Given records -
--- START ---

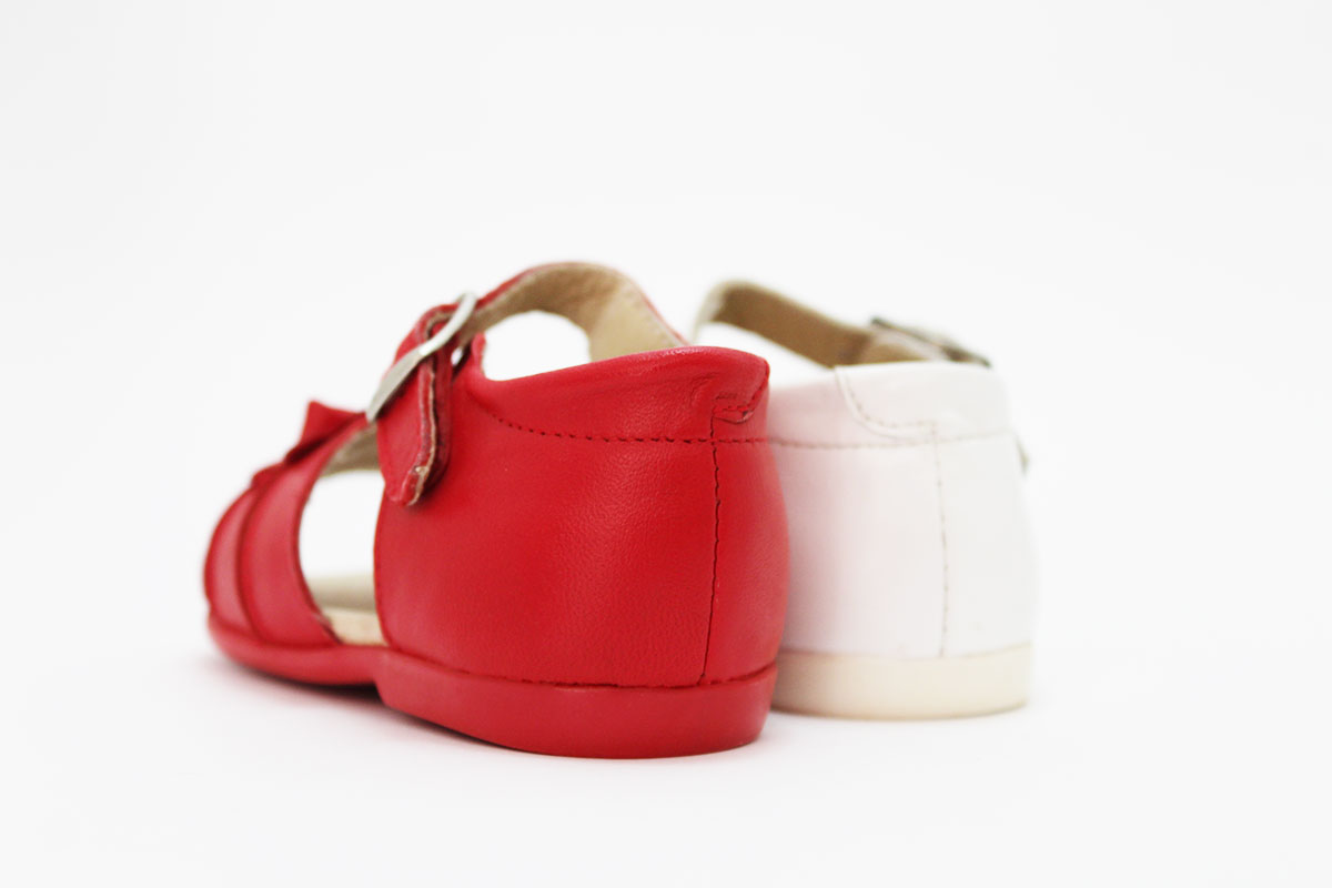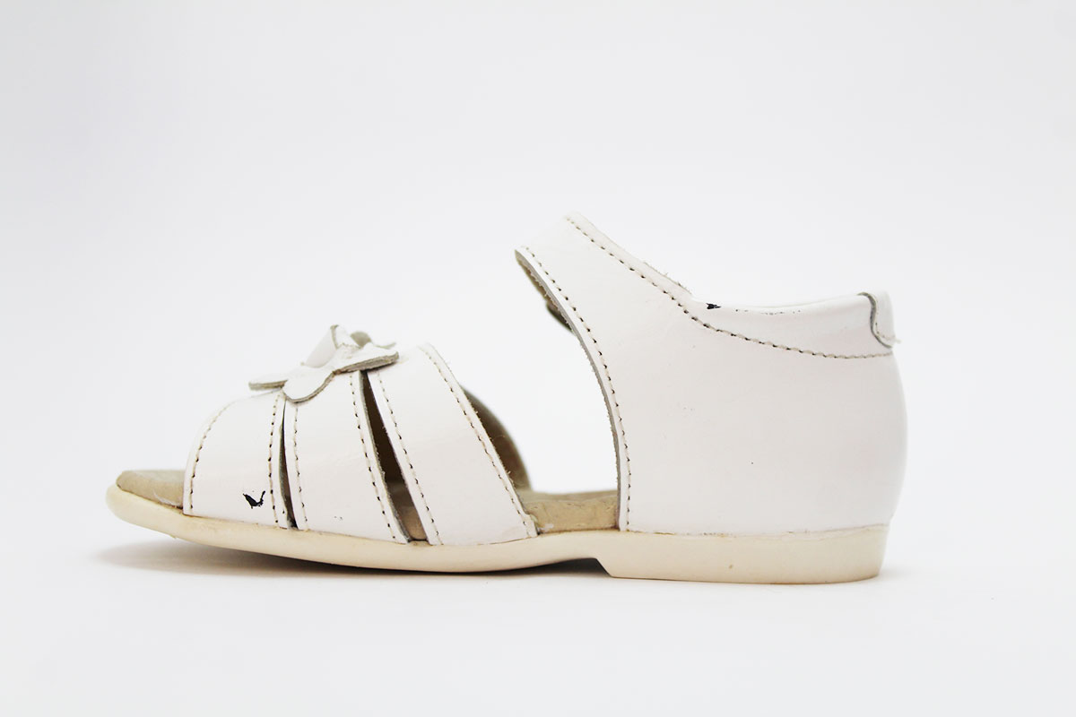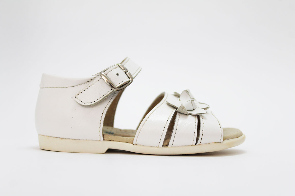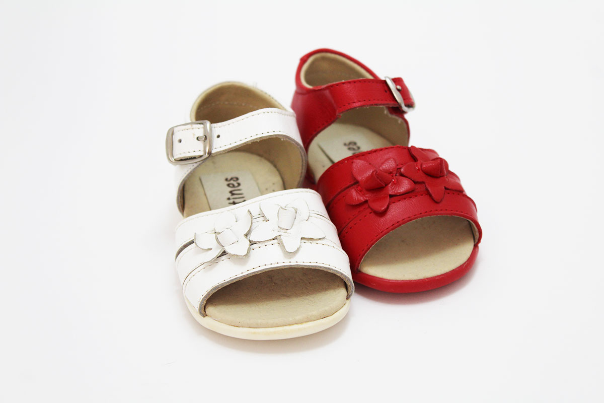 Sandalias blancas con talón cerrado, muy cómodas. Adaptadas para las niñas, para que empiecen a dar sus primeros pasos. Disponible con dos florecitas y en dos colores. Con cierre de hebilla para asegurar una buena sujeción y comodidad para el pie de tus niñas.
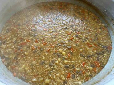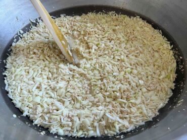 | ⑦鶏ひき肉と玉ねぎに火を通す | 金屋町の石畳煮(町並み) |
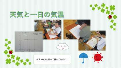 2日の気温の変化を比べて見て、子ども達は気温の違いや、変わり方の様子の違いに気付き、「晴れている日は暑いな」「曇りだから気温が上がらないね」という発言が聞こえてきました。
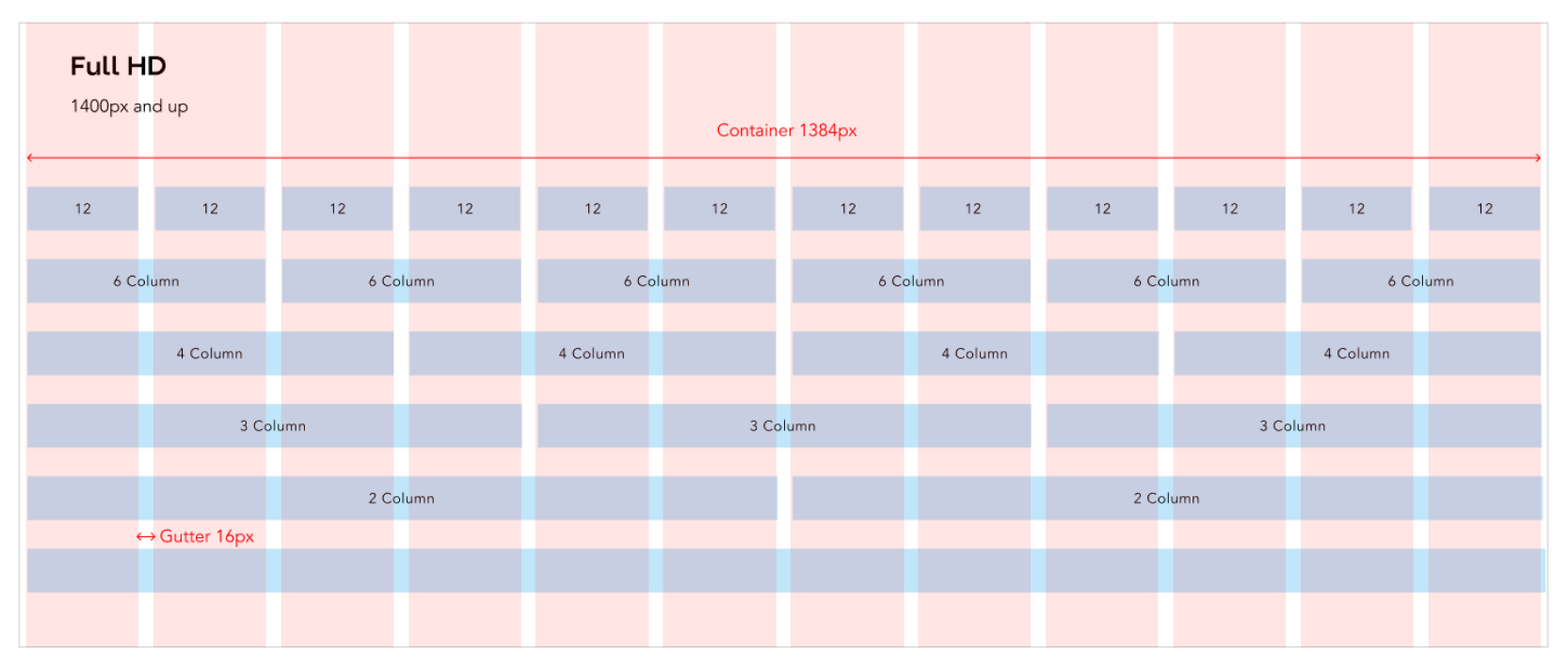 AUO Design System 採用 12 欄網格系統。欄與欄之間的間隔 (Gutter) 設為固定值 (公式:(16+8n) px,n 為自然數),瀏覽器寬度在一定範圍內變化時,欄寬會隨之調整,但間隔保持不變。
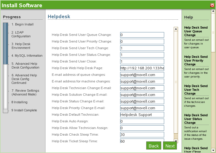 Helpdesk-Downloadpfad: Der Pfad für sämtliche Helpdesk-Downloads. Belassen Sie den Standardwert unverändert, um sicherzustellen, dass Sie Aktualisierungen von Novell ordnungsgemäß erhalten.

--- END ---

Exact copies of the lines from the one containing "2日の気温の変化を比べて見て" through the end of the records above are required, with no pictures among them.

 2日の気温の変化を比べて見て、子ども達は気温の違いや、変わり方の様子の違いに気付き、「晴れている日は暑いな」「曇りだから気温が上がらないね」という発言が聞こえてきました。
 AUO Design System 採用 12 欄網格系統。欄與欄之間的間隔 (Gutter) 設為固定值 (公式:(16+8n) px,n 為自然數),瀏覽器寬度在一定範圍內變化時,欄寬會隨之調整,但間隔保持不變。
 Helpdesk-Downloadpfad: Der Pfad für sämtliche Helpdesk-Downloads. Belassen Sie den Standardwert unverändert, um sicherzustellen, dass Sie Aktualisierungen von Novell ordnungsgemäß erhalten.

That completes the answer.